Transitioning to the glaucoma space, the MIGS session explored the potential opportunities of these devices and procedures. Steven Vold, MD, delivered a talk on the changing paradigms of glaucoma care, describing the next-generation devices—from stents to implants—and their timelines for regulatory approval. Next, Arsham Sheybani, MD, shed light on the concept of applying fluidics to make glaucoma surgery safer with the Xen 45 implant (Allergan). Dr. Sheybani stressed the need for standardization in glaucoma surgery as has been achieved in cataract surgery. Following, Dr. Vold presented results from the COMPASS study evaluating the CyPass Micro-Stent (Transcend Medical), and Kuldev Singh, MD, commented on why he believes the future of MIGS is so bright, including an expanding clinical need, rapid innovation, and successful collaborations, such as those fostered by AECOS.


With the AECOS Court in session, the Honorable John Marshall, PhD, took the bench to judge ophthalmic technologies on trial. Surgeons argued for and against a range of stances, including (1) if phakic IOLs should be implanted same day bilaterally or not, (2) whether refractive lens exchange should be performed in emmetropes, and (3) if intraoperative aberrometry is warranted in every case. Following statements from the defense and prosecution, Judge Marshall and his jury—panelists Dr. Alió; Steven Dell, MD; Dr. Dick; and John Kanellopoulos, MD—named one surgeon per case the victor.

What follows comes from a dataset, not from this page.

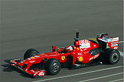 A Shell-sponsored Ferrari F60 Formula One motor racing car
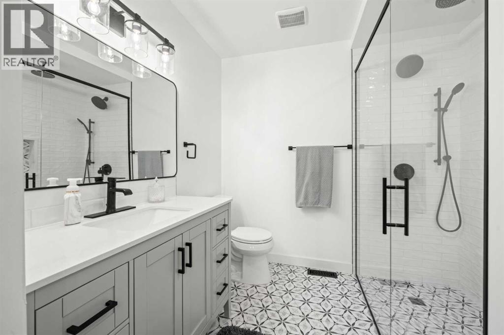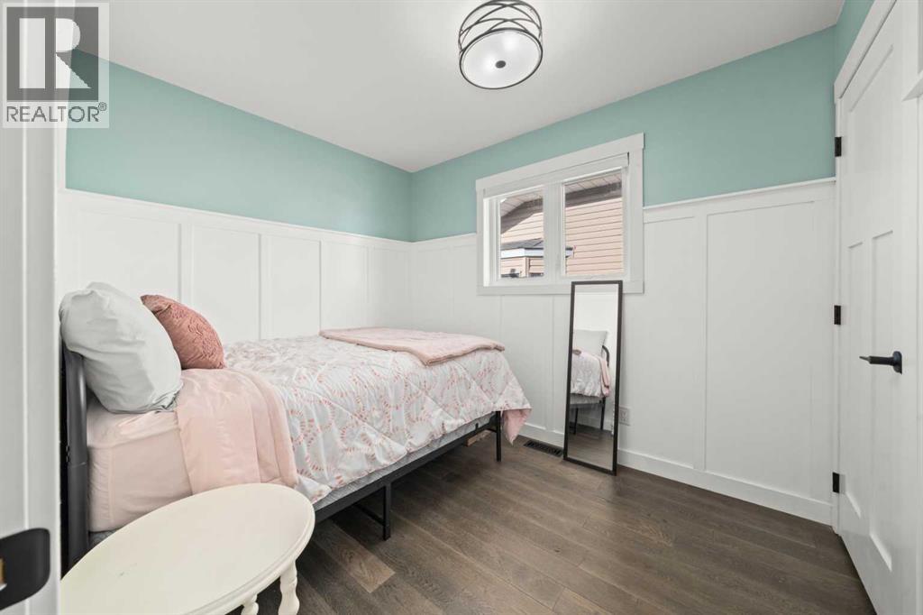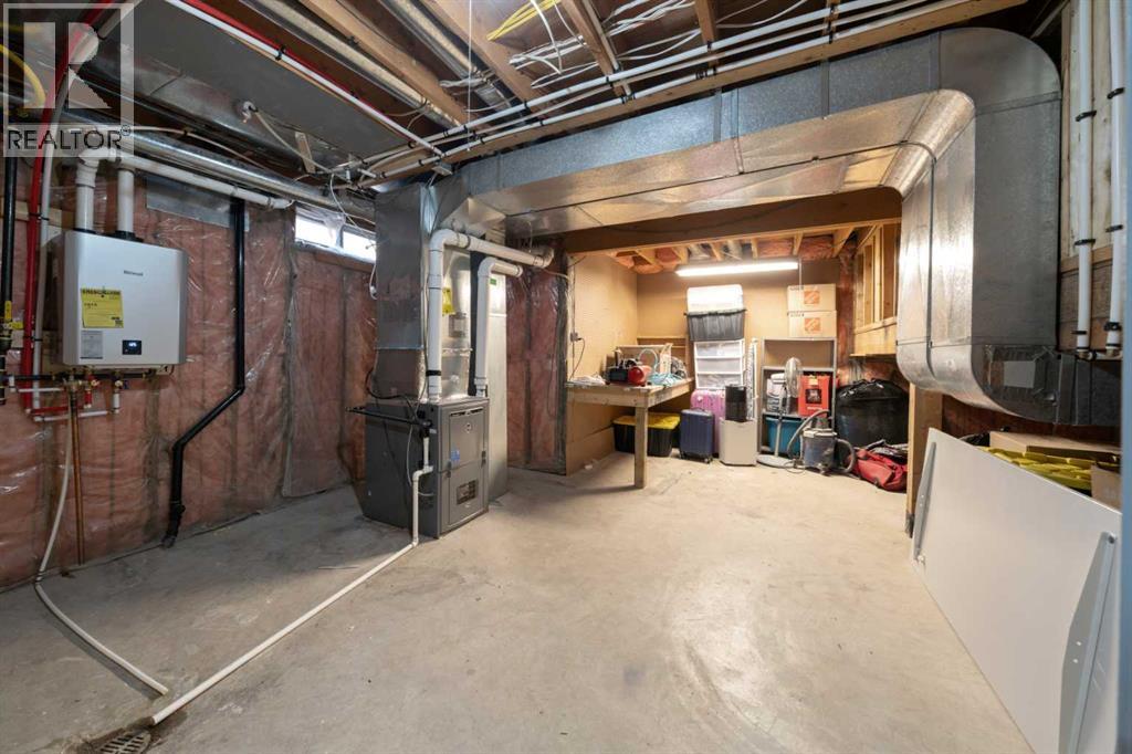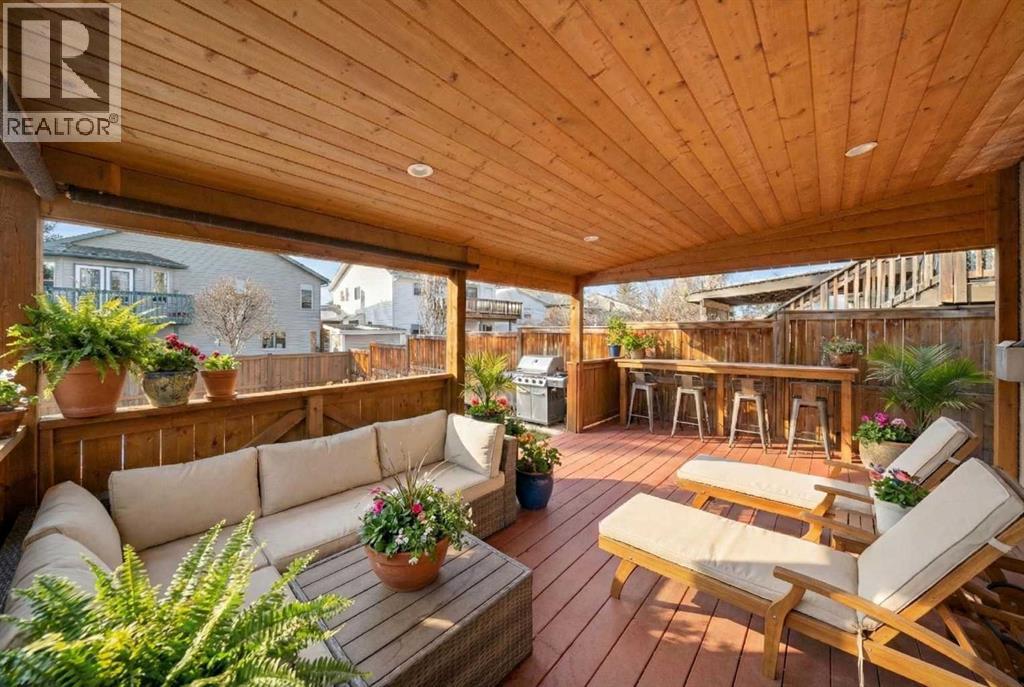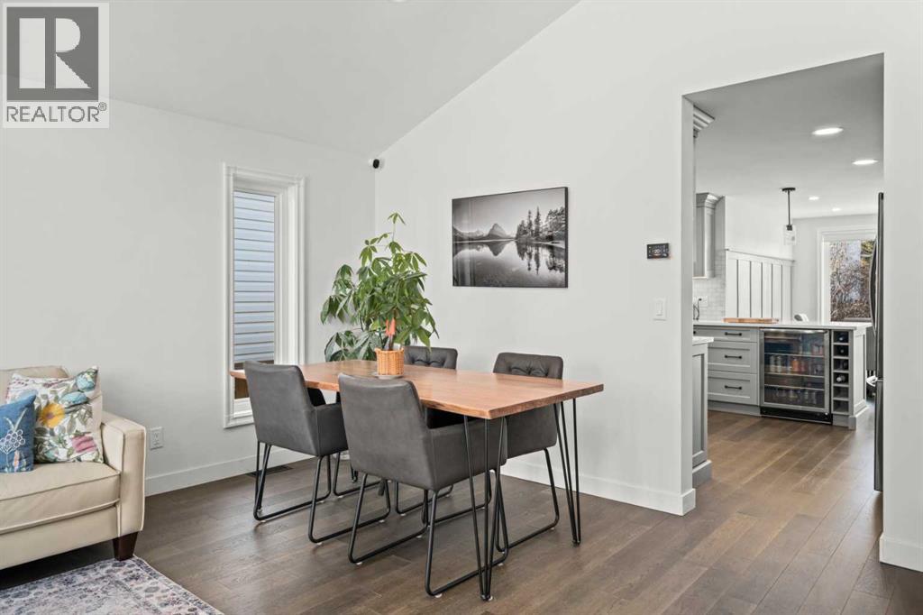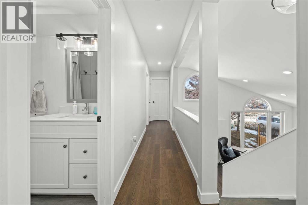 Welcome to this extensively upgraded home in a highly desirable location just steps from the Sheep River and its scenic walking paths, with schools, shopping, and parks nearby. Offering peace of mind and exceptional quality, this home has benefited from over $140,000 in recent renovations, including all-new wiring, PEX plumbing (no Poly B), triple-glazed windows, solid-core doors, new flooring, and updated trim throughout. The custom kitchen is the heart of the home, featuring a $45,000 upgrade with quartz countertops, farmhouse sink, soft-close cabinetry, pull-out pantry drawers, built-in microwave, beverage fridge, and a smart KitchenAid 6-burner gas range with designer hood fan. Under-cabinet lighting, pot lights, flat ceilings, and a breakfast bar create a bright, functional space that flows into a sunny nook. The family/dining room showcases vaulted ceilings, engineered hardwood flooring, and abundant natural light. The walkout living room offers a cozy gas fireplace and access to outdoor living. Enjoy a huge covered deck and generous west facing yard with planter boxes, Saskatoon bushes, and raspberries—ideal for relaxing or entertaining. This level also includes a tiled laundry room with half bath (front-load washer and dryer included) and a mudroom with built-in lockers. Upstairs, the primary suite features a walk-in closet with custom built-ins and a spa-inspired ensuite with heated tile floors, curbless oversized shower, rain head plus dual shower heads, and black accents. Two additional bedrooms feature wainscoting, including one with a window seat, along with a 4-piece bathroom with LVP flooring and quartz countertops. The fully developed lower level offers a spacious games/family room. Additional features include hardwood stairs, all-new blinds, high-efficiency furnace, tankless hot water system, crawl-space storage, camera system, and oversized single garage with side man door. A beautifully updated home offering exceptional location and lifestyle. Vie w Multi Media/3D/Virtual Tour. (id:63190)

Bringing industry to the frontlines, the Lamellar Refractive Surgery session began with a look at what can be expected from the ophthalmic companies in terms of efforts to revitalize LASIK. Leaders from Alcon, Abbott, Bausch + Lomb, Schwind, Ziemer, and Zeiss gave attendees a peek at what their teams are doing to ensure the future of laser refractive surgery, whether through technological advances, revolutionary advertising campaigns, novel procedures, and more.

Then ophthalmologists engaged in a debate that, for the past few years, has been at the forefront of the field: SMILE vs LASIK. Stephen Slade, MD, reminisced about a time when LASIK was so successful that surgeons abandoned all other procedures and shared his experience with SMILE, noting essentially equivalent results. Mounir Khalifa, MD, compared the use of SMILE with wavefront-guided LASIK for the treatment of low, moderate, and high myopia; Dr. Khalifa stated that, in his experience, wavefront-guided LASIK was significantly better than SMILE in terms of safety, efficacy, and predictability in this patient group. John Doane, MD, commented on the marketing of these procedures, remarking that no surgeons are marketing SMILE and converting patients to LASIK. Closing out the session, Matthias Elling, MD, projected where PiXL will fit into this scene; according to him, although the long-term stability of PiXL is unknown, initial results after 12 months are promising.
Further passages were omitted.